The comparison between the final model data cube and the observed one is shown in Fig. 5. Because the lagging extraplanar gas emission is only 1–2% of the peak in each channel map, we investigated whether it could be an artifact due to the CLEAN deconvolution and improper modelling of the dirty beam. To this aim, we built a model data cube based on our final model data cube, only without the thick disk. We then convolved it with the dirty beam, added some Gaussian noise (with an rms chosen to obtain the same rms noise as in the observations), and CLEANed and restored this cube. If the lagging extraplanar gas had been an artifact, in Fig. 6 we would have seen some “pseudo extraplanar gas”. Because we did not, we concluded that the observation of lagging extraplanar gas is genuine and not an artifact due to the dirty beam. This is also confirmed by the hint of a signal from the extraplanar gas that we see in the high-resolution cube (see Fig. 7). The best-fit parameters are plotted in Fig. 8 (only the parameters with a radial dependence): we note that the two sides are quite symmetric.

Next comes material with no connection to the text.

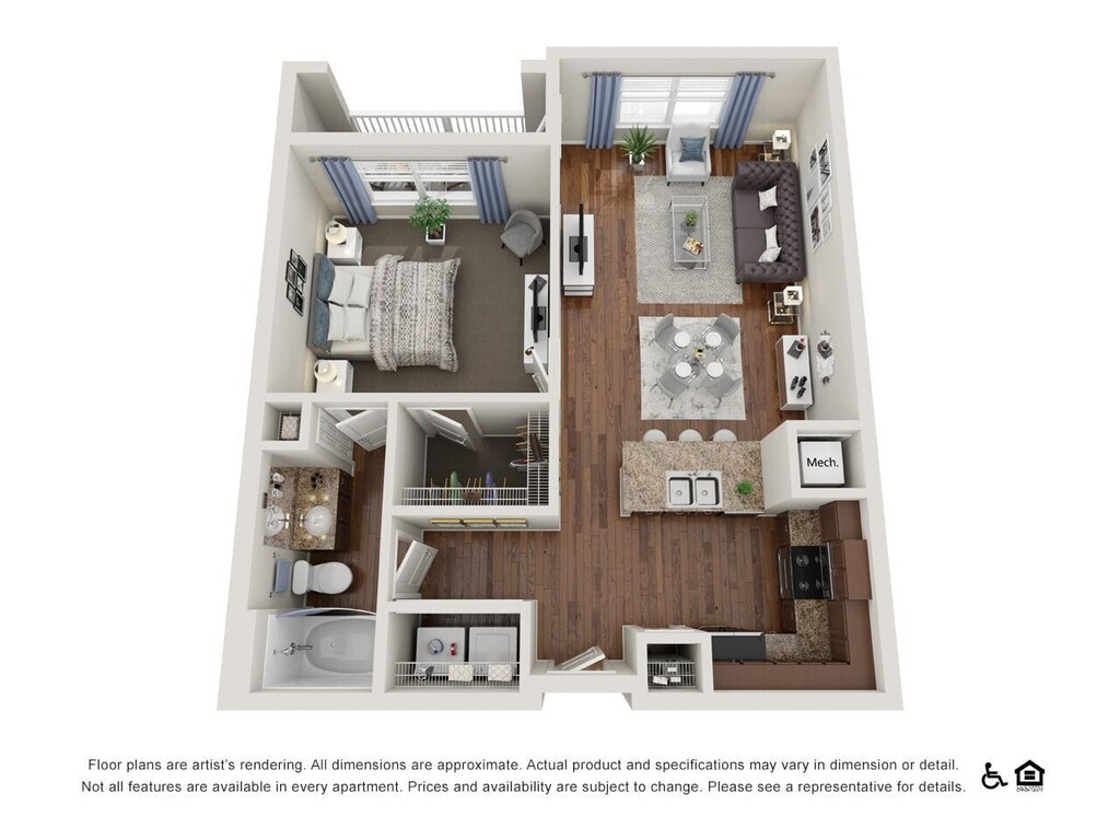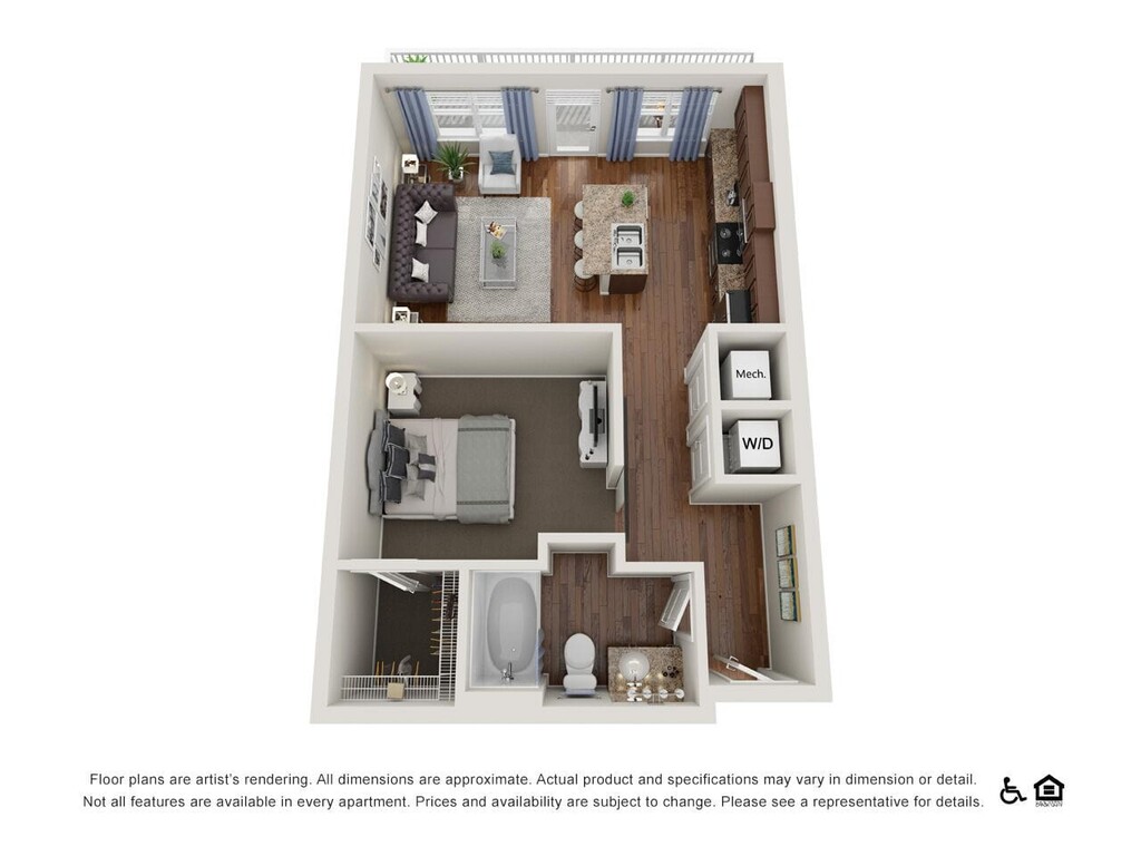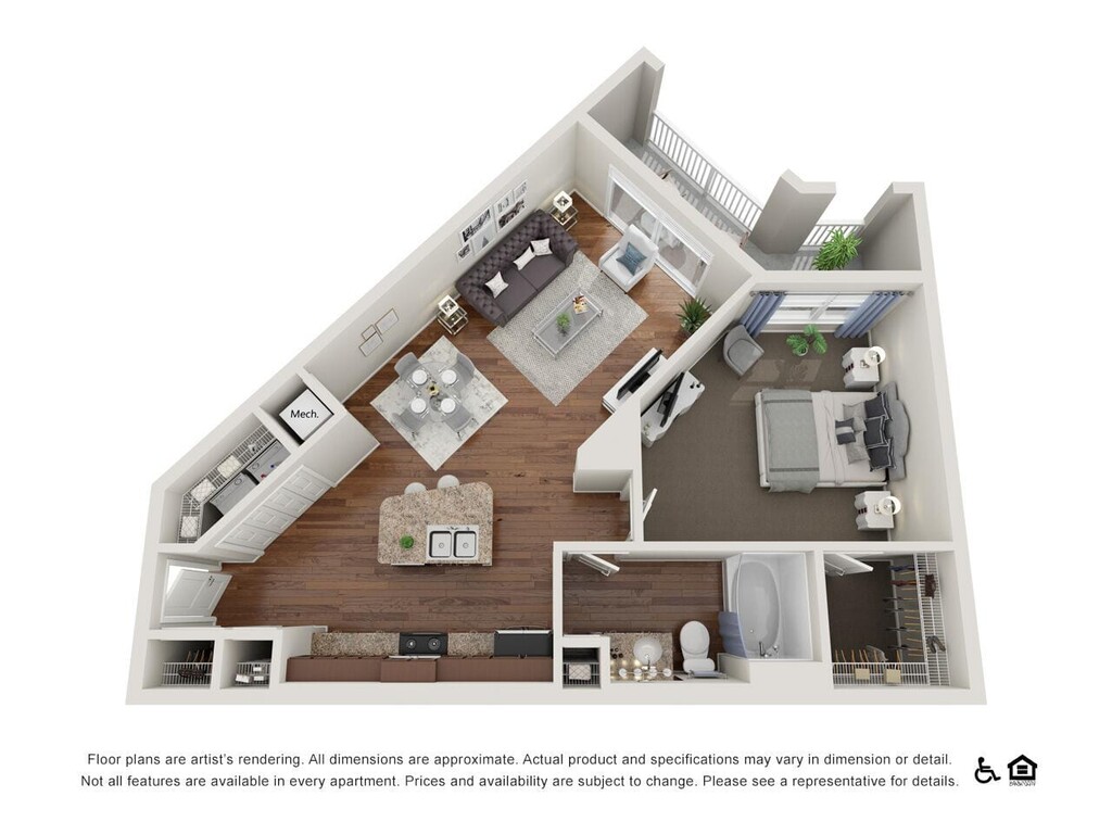 1 Bed, 1 Bath, 804 sq ftModel Gallery

4.1. Uncertainties on the derived parameters

Uncertainties on the parameters that describe the model data cubes were estimated by varying the parameter in question until the model data cube became only marginally consistent with the observed one, focussing on a particular projection of the data cube or a specific region that is especially sensitive to that parameter.

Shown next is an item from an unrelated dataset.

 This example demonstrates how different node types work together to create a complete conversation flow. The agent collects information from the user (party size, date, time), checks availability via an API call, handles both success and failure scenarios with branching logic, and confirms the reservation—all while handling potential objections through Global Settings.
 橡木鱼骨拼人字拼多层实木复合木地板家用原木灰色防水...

The inclination and position angle are better derived by comparing total Hi maps. A variation in inclination or position angle of only 2° makes the model total Hi map barely consistent with the observed one (see Fig. 9 for the inclination). In a similar way, the (global) velocity dispersion is ideally constrained by position-velocity diagrams. It turns out that the high-velocity contours of the position-velocity diagram along the major axis become too spaced out if the velocity dispersion of 11.7 km s-1 changes by more than 2 km s-1.

The uncertainties on the rotation curve were assumed to be half the difference between the two sides. To avoid having unrealistically small errors when the velocities of the two sides are close, we also considered a minimum error of 4.12/sin(i) km s-1, where i is the inclination angle and 4.12 km s-1 is the channel increment of the data cube we used. The amplitude of bisymmetric distortion can be constrained from the channel maps; we find that it is quite uncertain (15 ± 10 km s-1).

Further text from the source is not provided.